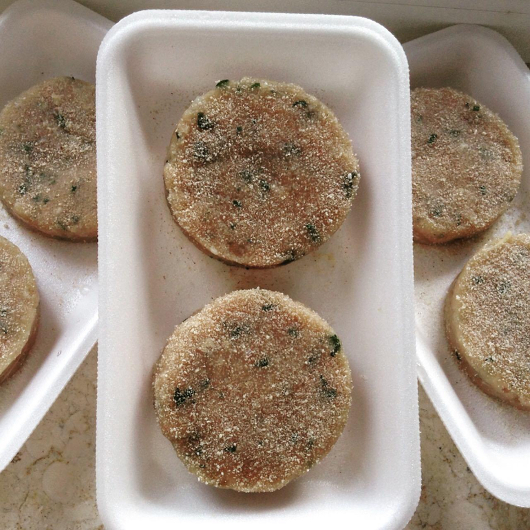 Сочные куриные зразы с луком, петрушкой, внутри кружок сыра, сверху и снизу присыпаны панировочными сухариками.
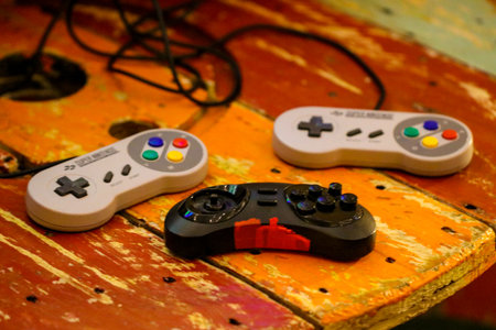 Video Game Controller on Wooden Table, Gaming Console Accessory for Entertainment
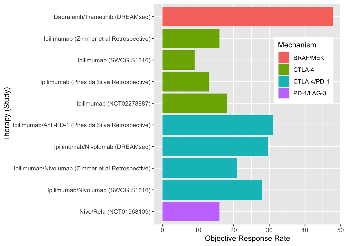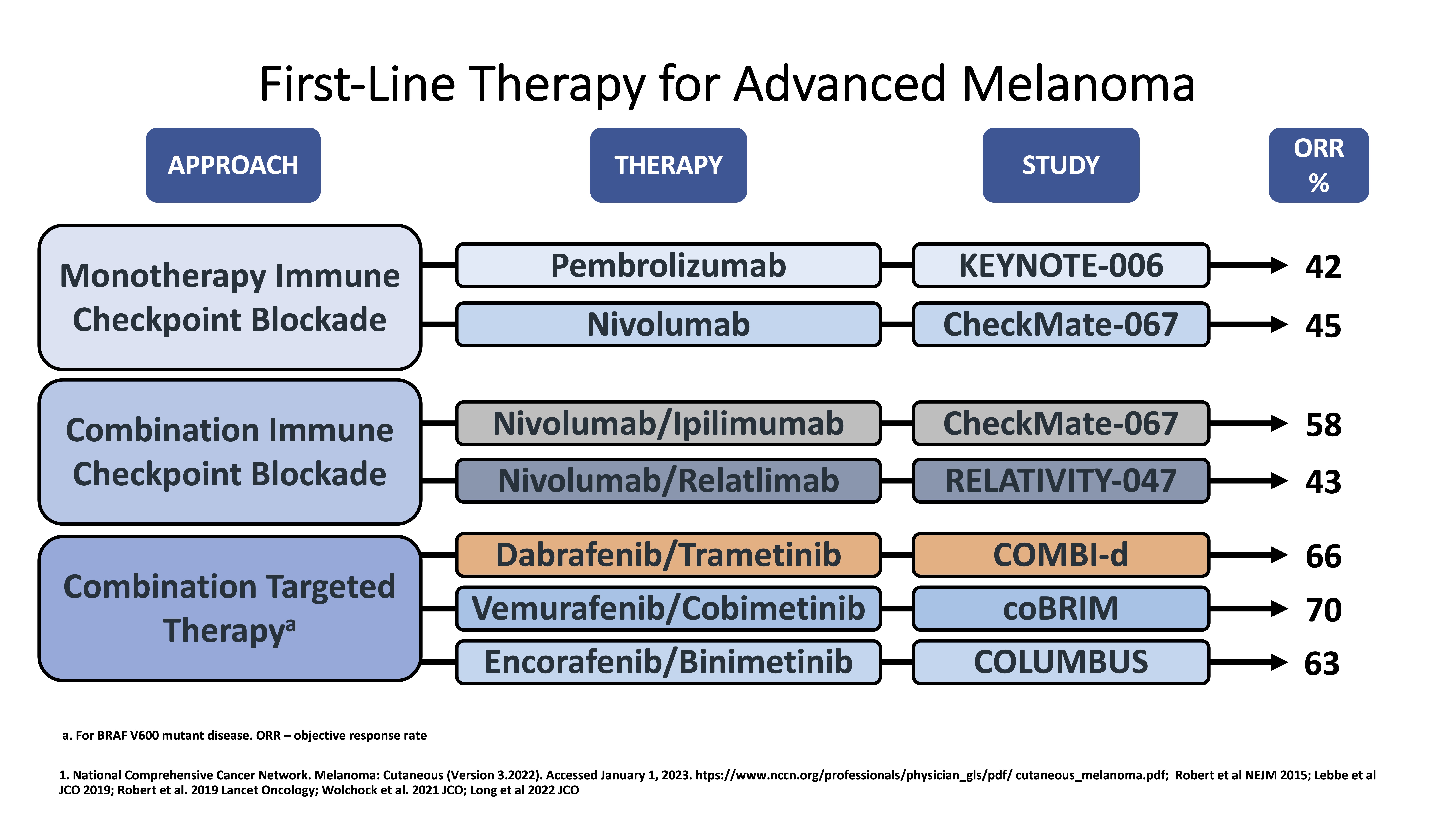 Treatment options for melanoma have advanced greatly in the last several years and continue to evolve (Figure 1). Landmark studies such as KEYNOTE-001/006 and CheckMate-066 have led to single-agent immunotherapy with anti-PD-1 immune checkpoint inhibitors becoming a first-line treatment options for advanced, unresectable melanoma (Figure 2)(Hamid et al. 2019; Robert et al. 2015; Robert, Ribas, et al. 2019; Schachter et al. 2017; Petrella et al. 2017). Subsequent studies such as CheckMate-067 and RELATIVITY-047 have positioned dual immune checkpoint blockade (ICB) with aPD-1/aCTLA-4 and aPD-1/aLAG-3 monoclonal antibodies as additional options in the front-line setting for appropriate patients (Wolchok et al. 2017; Tawbi et al. 2022; Long et al. 2022). In addition combined BRAF and MEK inhibition is an option for melanomas with BRAF mutations (Robert, Grob, et al. 2019; Dummer et al. 2018).
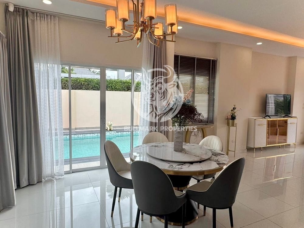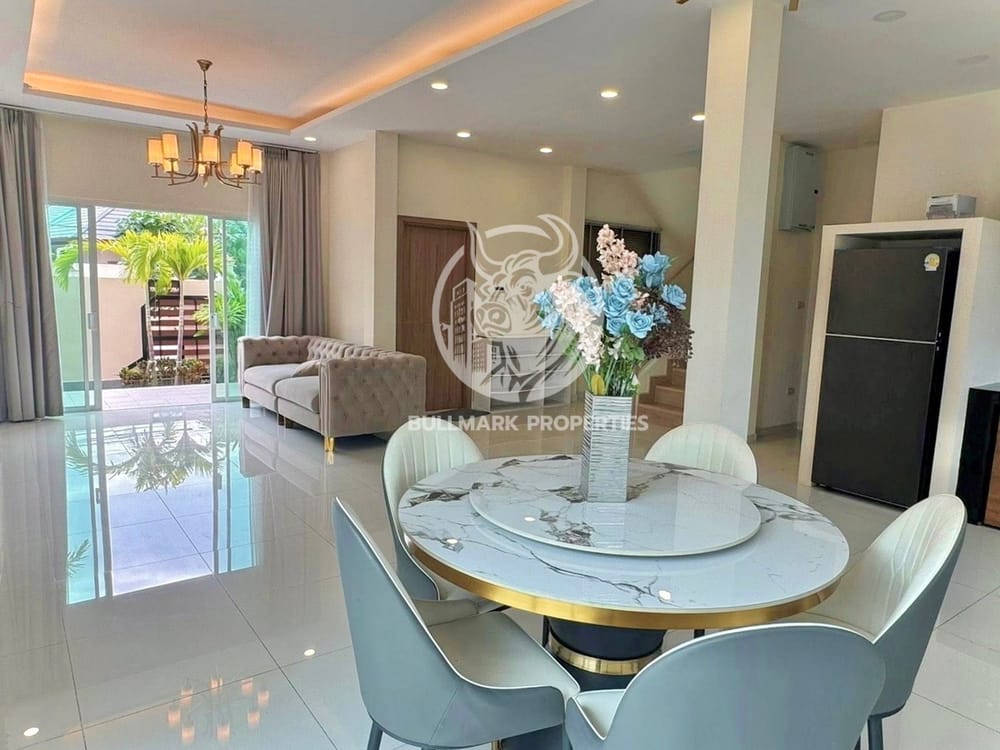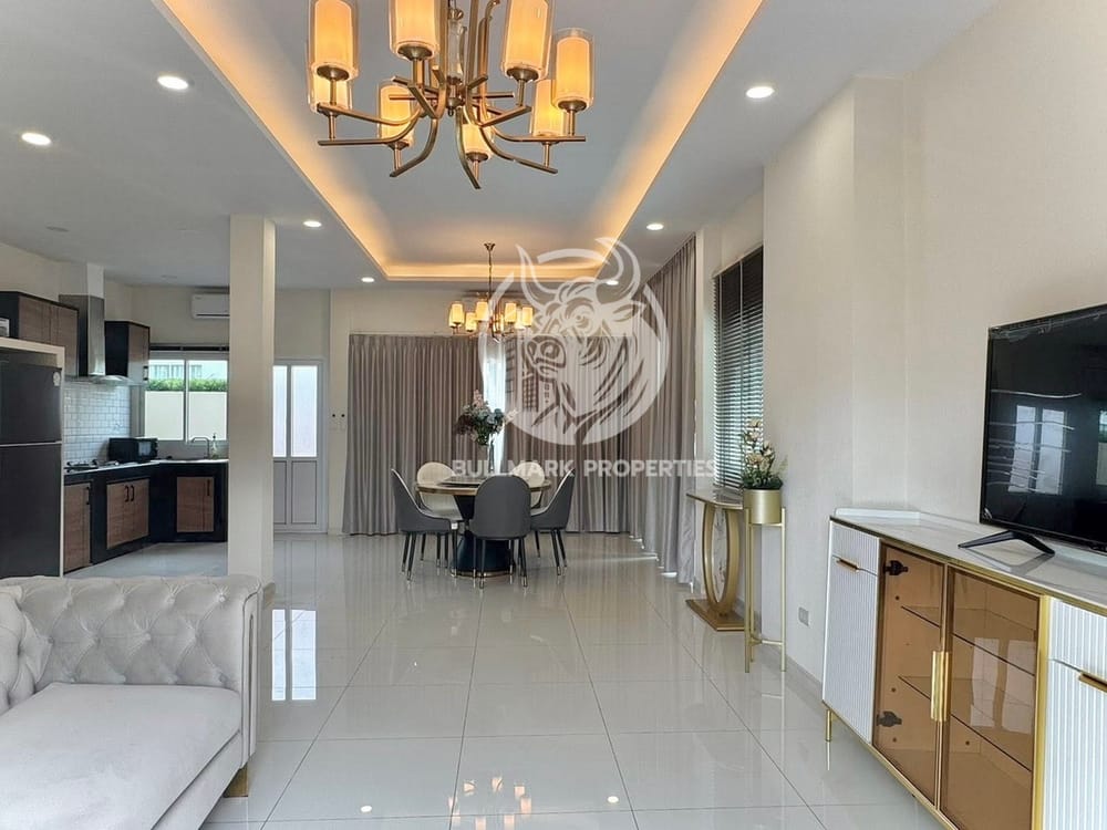 Welcome to your dream retreat in Huai Yai, Pattaya! This stunning pet-friendly 4-bedroom pool villa in Baan Dusit Garden offers the perfect blend of comfort and luxury. With a spacious living area of 280 sqm, this beautifully designed home features four well-appointed bedrooms, each with its own bathroom, providing ample space for family and guests. Enjoy modern conveniences such as air conditioning throughout, a European kitchen equipped with a kitchen hood, microwave, and washing machine, making meal prep a breeze. The villa is surrounded by a lovely garden, perfect for pets and outdoor relaxation, while the terrace invites you to unwind in the fresh air. The communal swimming pool is a highlight, offering a refreshing escape right at your doorstep. Safety and security are paramount with 24/7 security services and a guardhouse, ensuring peace of mind. Parking space is readily available, accommodating your vehicles with ease. The location boasts quick access to the main road and is near parks, shops, markets, schools, and a variety of restaurants. For golf enthusiasts, a prestigious golf course is just a stone's throw away. This is not just a home; it's a lifestyle offering convenience, tranquility, and everything your family needs to thrive. Don't miss out on this incredible opportunity!
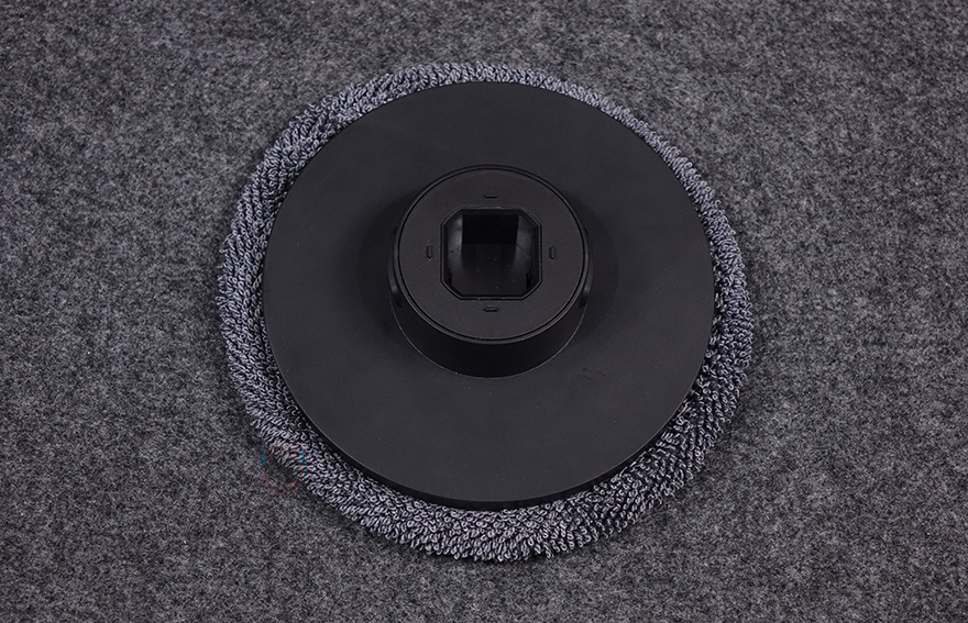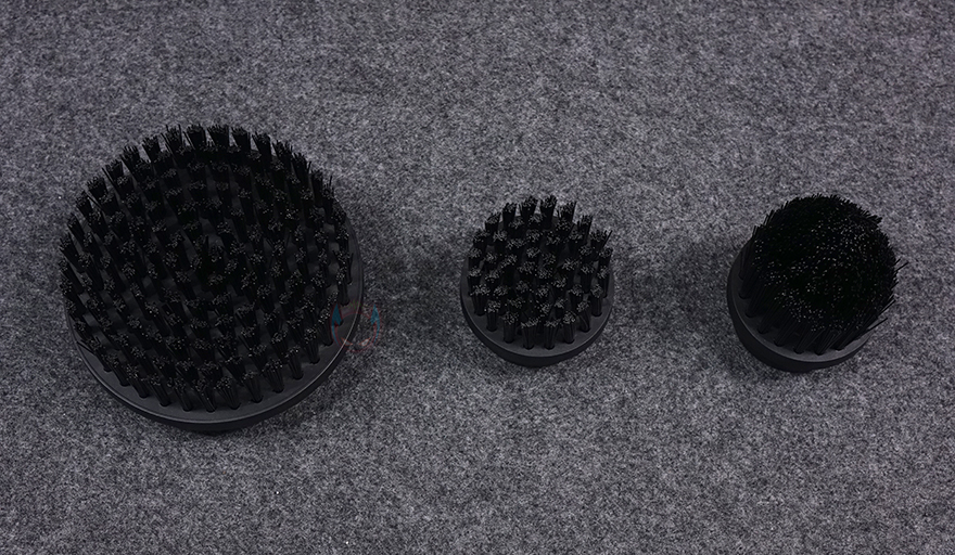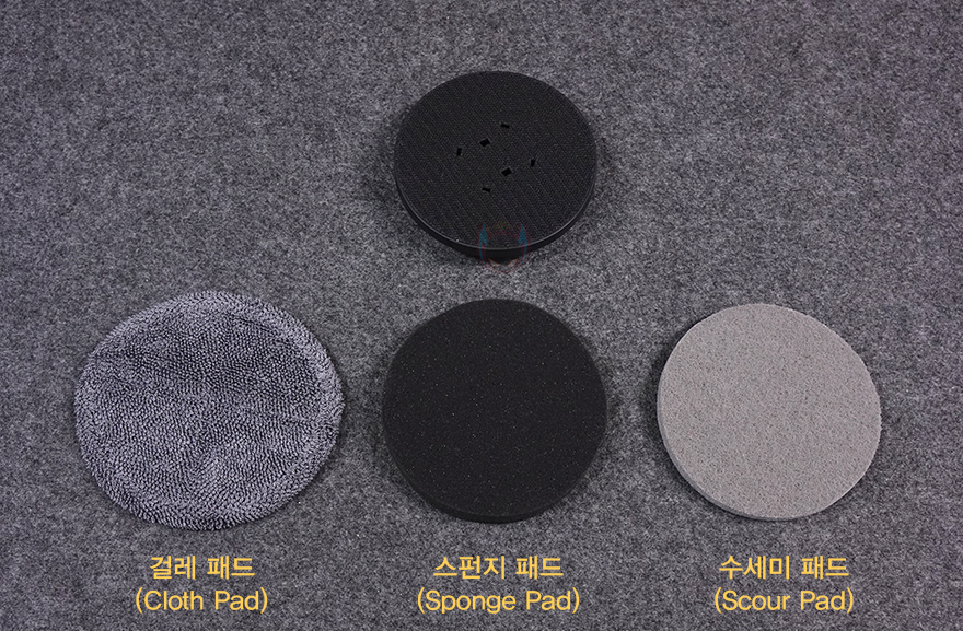 이번엔 본체 브러쉬 헤드와 연결되는 청소 브러시(Brush) 들을 살펴보는데, 먼저 패드를 교체할 수 있는 벨크로(Velcro) 브러시가 있습니다. 흔히 말하는 찍찍이죠. 이 벨트로 브러시에 부착할 수 있는 브러시 패드(Brush pad)는 천(Cloth) 재질의 흔히 말하는 걸레 패드가 있고, 스펀지 패드, 마지막으로 거칠 표면의 마치 수세미 같은 패드까지 총 3종이 기본 제공됩니다. 원하는 패드를 부착한 후에는 브러시 뒤면에 브러시 헤드와 연결되는 구멍이 있는데, 헤드와 구멍을 맞춰서 그냥 끼워주면 됩니다. 분리할 때는 구멍 바깥쪽에 있는 양쪽 돌기 부분은 누르면 쉽게 분리되죠. 이 밖에 바로 청소용으로 사용할 수 있는 일명 솔 브러시(Flat brush)도 3종으로 제공해 주는데, 면적이 큰 솔 브러시(Large flat brush), 작은 크기의 솔 브러시(Small flat brush), 틈새를 청소할 수 있는 뭉쳐있는 솔 브러시(Pointed-end brush)입니다.
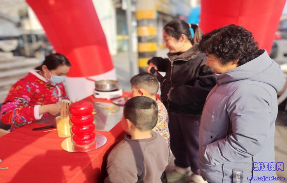柳新镇内另一活动现场,非遗糖画庆新春活动备受群众青睐。身着传统服饰的非遗传承人以勺为笔、以糖为墨,在光洁石板上随心勾勒,手腕轻转间,骏马、祥龙、瑞兔等造型栩栩如生,冷却定型后粘上竹签,一支支晶莹甜美的糖画让孩子们驻足围观、欣喜不已。“我要小马的糖画,今年是马年!”小朋友们拿着心仪的糖画,脸上洋溢着甜滋滋的笑容。家长们纷纷用镜头定格温馨瞬间,现场处处洋溢着童真童趣与新春喜乐。

• • • •

▶ _Exercise instructions_
Write out each entry again exactly, and skip the pictures.

▶ _Solution to this task_
 Сочные куриные зразы с луком, петрушкой, внутри кружок сыра, сверху и снизу присыпаны панировочными сухариками.
 Video Game Controller on Wooden Table, Gaming Console Accessory for Entertainment
 Treatment options for melanoma have advanced greatly in the last several years and continue to evolve (Figure 1). Landmark studies such as KEYNOTE-001/006 and CheckMate-066 have led to single-agent immunotherapy with anti-PD-1 immune checkpoint inhibitors becoming a first-line treatment options for advanced, unresectable melanoma (Figure 2)(Hamid et al. 2019; Robert et al. 2015; Robert, Ribas, et al. 2019; Schachter et al. 2017; Petrella et al. 2017). Subsequent studies such as CheckMate-067 and RELATIVITY-047 have positioned dual immune checkpoint blockade (ICB) with aPD-1/aCTLA-4 and aPD-1/aLAG-3 monoclonal antibodies as additional options in the front-line setting for appropriate patients (Wolchok et al. 2017; Tawbi et al. 2022; Long et al. 2022). In addition combined BRAF and MEK inhibition is an option for melanomas with BRAF mutations (Robert, Grob, et al. 2019; Dummer et al. 2018).
 Welcome to your dream retreat in Huai Yai, Pattaya! This stunning pet-friendly 4-bedroom pool villa in Baan Dusit Garden offers the perfect blend of comfort and luxury. With a spacious living area of 280 sqm, this beautifully designed home features four well-appointed bedrooms, each with its own bathroom, providing ample space for family and guests. Enjoy modern conveniences such as air conditioning throughout, a European kitchen equipped with a kitchen hood, microwave, and washing machine, making meal prep a breeze. The villa is surrounded by a lovely garden, perfect for pets and outdoor relaxation, while the terrace invites you to unwind in the fresh air. The communal swimming pool is a highlight, offering a refreshing escape right at your doorstep. Safety and security are paramount with 24/7 security services and a guardhouse, ensuring peace of mind. Parking space is readily available, accommodating your vehicles with ease. The location boasts quick access to the main road and is near parks, shops, markets, schools, and a variety of restaurants. For golf enthusiasts, a prestigious golf course is just a stone's throw away. This is not just a home; it's a lifestyle offering convenience, tranquility, and everything your family needs to thrive. Don't miss out on this incredible opportunity!
 이번엔 본체 브러쉬 헤드와 연결되는 청소 브러시(Brush) 들을 살펴보는데, 먼저 패드를 교체할 수 있는 벨크로(Velcro) 브러시가 있습니다. 흔히 말하는 찍찍이죠. 이 벨트로 브러시에 부착할 수 있는 브러시 패드(Brush pad)는 천(Cloth) 재질의 흔히 말하는 걸레 패드가 있고, 스펀지 패드, 마지막으로 거칠 표면의 마치 수세미 같은 패드까지 총 3종이 기본 제공됩니다. 원하는 패드를 부착한 후에는 브러시 뒤면에 브러시 헤드와 연결되는 구멍이 있는데, 헤드와 구멍을 맞춰서 그냥 끼워주면 됩니다. 분리할 때는 구멍 바깥쪽에 있는 양쪽 돌기 부분은 누르면 쉽게 분리되죠. 이 밖에 바로 청소용으로 사용할 수 있는 일명 솔 브러시(Flat brush)도 3종으로 제공해 주는데, 면적이 큰 솔 브러시(Large flat brush), 작은 크기의 솔 브러시(Small flat brush), 틈새를 청소할 수 있는 뭉쳐있는 솔 브러시(Pointed-end brush)입니다.
柳新镇内另一活动现场,非遗糖画庆新春活动备受群众青睐。身着传统服饰的非遗传承人以勺为笔、以糖为墨,在光洁石板上随心勾勒,手腕轻转间,骏马、祥龙、瑞兔等造型栩栩如生,冷却定型后粘上竹签,一支支晶莹甜美的糖画让孩子们驻足围观、欣喜不已。“我要小马的糖画,今年是马年!”小朋友们拿着心仪的糖画,脸上洋溢着甜滋滋的笑容。家长们纷纷用镜头定格温馨瞬间,现场处处洋溢着童真童趣与新春喜乐。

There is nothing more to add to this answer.